_Exercise directions_
Could the entries below be transcribed word for word, with the pictures omitted?

_Recorded data_

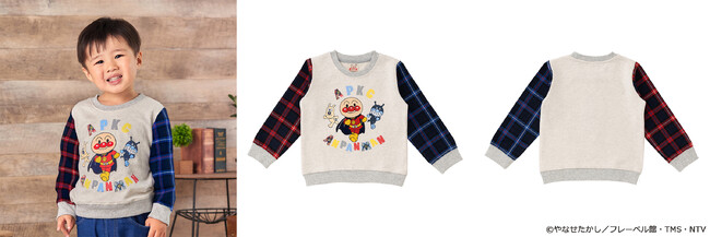 アンパンマンアップリケ袖チェックトレーナー
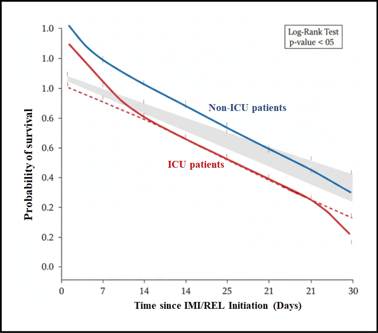 Note: The curve plots the probability of survival from the day of IMI/REL initiation up to 30 days. The blue line represents non-ICU patients (n=169), and the red line represents ICU patients (n=26) at the time of index culture. The grey shaded areas indicate the 95% confidence intervals.
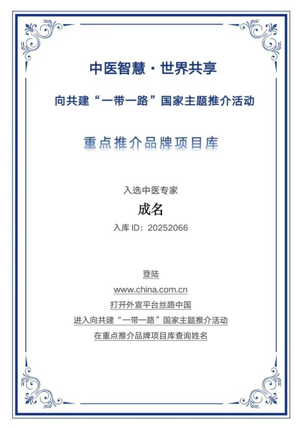 作为俄罗斯传统东方医学专家学会专家委员,他积极推动中医药国际化交流,其事迹曾在美国纽约时代广场纳斯达克大屏幕展播,成为世界优秀中医传承人。在他看来,中医药是中华民族的瑰宝,更是全人类的共同财富,基层中医药是中医药国际化的根基,唯有让中医药在基层落地生根、代代传承,才能让这门古老学问走向更广阔的世界,为全球健康事业贡献中国智慧。
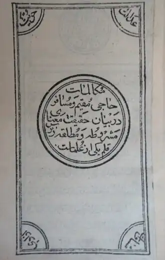 Mokalemate Moqim va Mosafer (transl. Conversation of the Resident and the Traveler, Persian: رساله مقیم و مسافر) is a political treatise by Noorollah Najafi Isfahani. The treatise was published in Isfahan in July 1909.[1][2] This treatise was written in the years between the first and the second Persian Constitutional Revolution. In this treatise, the author presents an Islamic version of the constitutional political system.[3][4] The treatise Moqim va Mosafer, which was written in constitutional history, took a prominent place in its political treatises and explored the concept of constitutional jurisprudence with the idea of a "powerful government". The treatise Moqim va Mosafer proved by the powerful principle that injustice of the constitutional state are less than monarchy and almost controllable; yet it believes that if the constitution leads to mass despotism, there will be a great deal of tyranny that cannot be easily reformed.[5]
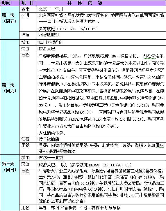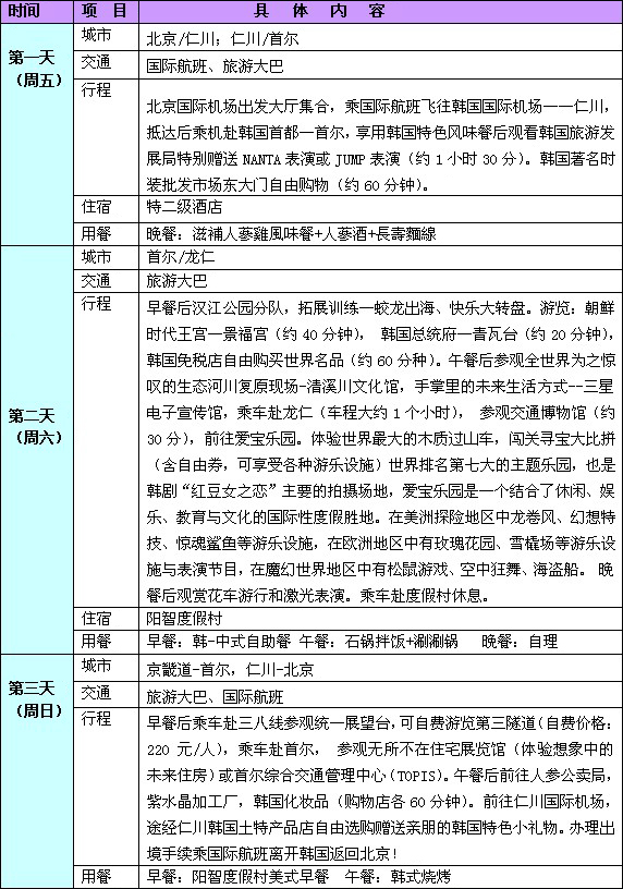 行程報(bào)價(jià):2880元/人,憑華聲在線王建五的博客優(yōu)惠券:(http://wangjianwu.blog.voc.com.cn)每人可優(yōu)惠300元,售價(jià)僅為2580元/人。 費(fèi)用包含以下內(nèi)容:韓國全程特二級酒店以上標(biāo)準(zhǔn)或韓式渡假村/房間2人1間/1日3餐/全程華語導(dǎo)游;包含國際及境外交通費(fèi)/全程機(jī)場稅/第一景點(diǎn)門票/簽證費(fèi)/旅行社責(zé)任險(xiǎn);全程活動(dòng)拓展組織費(fèi)。 不含護(hù)照費(fèi)/國內(nèi)交通費(fèi)/個(gè)人消費(fèi)/小費(fèi)(30元/人天),自費(fèi)項(xiàng)目和旅游意外傷害保險(xiǎn)。
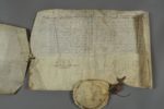 CALVADOS. Parchemin signé " Louis " (secrétaire de Louis XIII), 31 x 51 cm. Scellé par un très grand sceau en cire (brisé) pendant sur lacs de soie, contenu dans un étui en parchemin. Paris, août 1612. Mouillures. Confirmation de noblesse pour Philippe de Marescot " notre aimé et féal conseiller et général en notre cour des aydes de Normandie ", anobli par Henri IV en 1593, avec charge de " paier indemnités de soixante six escuz [] aux habitans de la paroisse d'Orbec [] ". Un second parchemin est scellé au premier confirmant l'anoblissement de Mre Philippe Marescot " enquesteur en la vicomté d'Orbec " (1597).
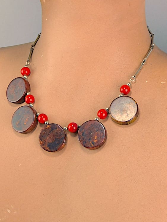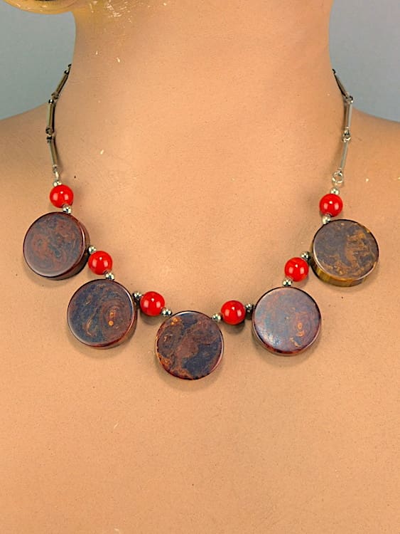 Brown marbled discs with red galalith beads and chrome chain. This necklace was made by Jakob Bengel in the early 1930’s.
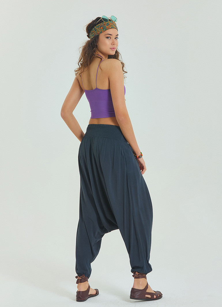 Gipe Detaylı Pacası Lastikli Cepli Antresit Bohem Şalvar 6800
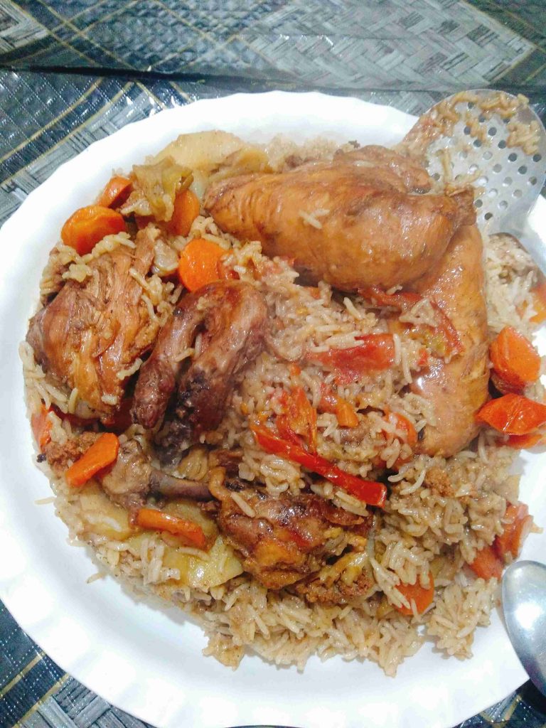 ثم نقوم بقلي الخضراوات ونبدأ بالجزر ثم البطاطا والزهرة ثم الباذنجان .واخر شي الدجاج
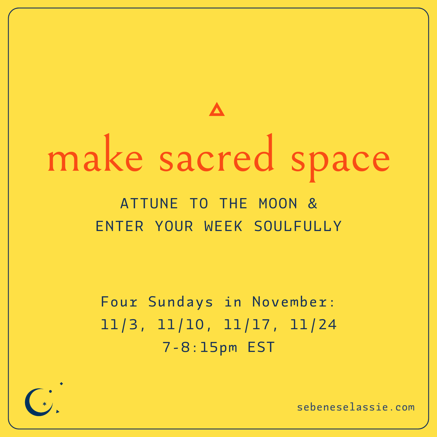 Make Sacred Space is a Sunday eveninf co-creative gathering where we attune to the Moon through guided meditation, journaling prompts, and open space — all for a soulful start to the week.

_Response for this exercise_
 アンパンマンアップリケ袖チェックトレーナー
 Note: The curve plots the probability of survival from the day of IMI/REL initiation up to 30 days. The blue line represents non-ICU patients (n=169), and the red line represents ICU patients (n=26) at the time of index culture. The grey shaded areas indicate the 95% confidence intervals.
 作为俄罗斯传统东方医学专家学会专家委员,他积极推动中医药国际化交流,其事迹曾在美国纽约时代广场纳斯达克大屏幕展播,成为世界优秀中医传承人。在他看来,中医药是中华民族的瑰宝,更是全人类的共同财富,基层中医药是中医药国际化的根基,唯有让中医药在基层落地生根、代代传承,才能让这门古老学问走向更广阔的世界,为全球健康事业贡献中国智慧。
 Mokalemate Moqim va Mosafer (transl. Conversation of the Resident and the Traveler, Persian: رساله مقیم و مسافر) is a political treatise by Noorollah Najafi Isfahani. The treatise was published in Isfahan in July 1909.[1][2] This treatise was written in the years between the first and the second Persian Constitutional Revolution. In this treatise, the author presents an Islamic version of the constitutional political system.[3][4] The treatise Moqim va Mosafer, which was written in constitutional history, took a prominent place in its political treatises and explored the concept of constitutional jurisprudence with the idea of a "powerful government". The treatise Moqim va Mosafer proved by the powerful principle that injustice of the constitutional state are less than monarchy and almost controllable; yet it believes that if the constitution leads to mass despotism, there will be a great deal of tyranny that cannot be easily reformed.[5]
 行程報(bào)價(jià):2880元/人,憑華聲在線王建五的博客優(yōu)惠券:(http://wangjianwu.blog.voc.com.cn)每人可優(yōu)惠300元,售價(jià)僅為2580元/人。 費(fèi)用包含以下內(nèi)容:韓國全程特二級酒店以上標(biāo)準(zhǔn)或韓式渡假村/房間2人1間/1日3餐/全程華語導(dǎo)游;包含國際及境外交通費(fèi)/全程機(jī)場稅/第一景點(diǎn)門票/簽證費(fèi)/旅行社責(zé)任險(xiǎn);全程活動(dòng)拓展組織費(fèi)。 不含護(hù)照費(fèi)/國內(nèi)交通費(fèi)/個(gè)人消費(fèi)/小費(fèi)(30元/人天),自費(fèi)項(xiàng)目和旅游意外傷害保險(xiǎn)。
 CALVADOS. Parchemin signé " Louis " (secrétaire de Louis XIII), 31 x 51 cm. Scellé par un très grand sceau en cire (brisé) pendant sur lacs de soie, contenu dans un étui en parchemin. Paris, août 1612. Mouillures. Confirmation de noblesse pour Philippe de Marescot " notre aimé et féal conseiller et général en notre cour des aydes de Normandie ", anobli par Henri IV en 1593, avec charge de " paier indemnités de soixante six escuz [] aux habitans de la paroisse d'Orbec [] ". Un second parchemin est scellé au premier confirmant l'anoblissement de Mre Philippe Marescot " enquesteur en la vicomté d'Orbec " (1597).
 Brown marbled discs with red galalith beads and chrome chain. This necklace was made by Jakob Bengel in the early 1930’s.
 Gipe Detaylı Pacası Lastikli Cepli Antresit Bohem Şalvar 6800
 ثم نقوم بقلي الخضراوات ونبدأ بالجزر ثم البطاطا والزهرة ثم الباذنجان .واخر شي الدجاج
 Make Sacred Space is a Sunday eveninf co-creative gathering where we attune to the Moon through guided meditation, journaling prompts, and open space — all for a soulful start to the week.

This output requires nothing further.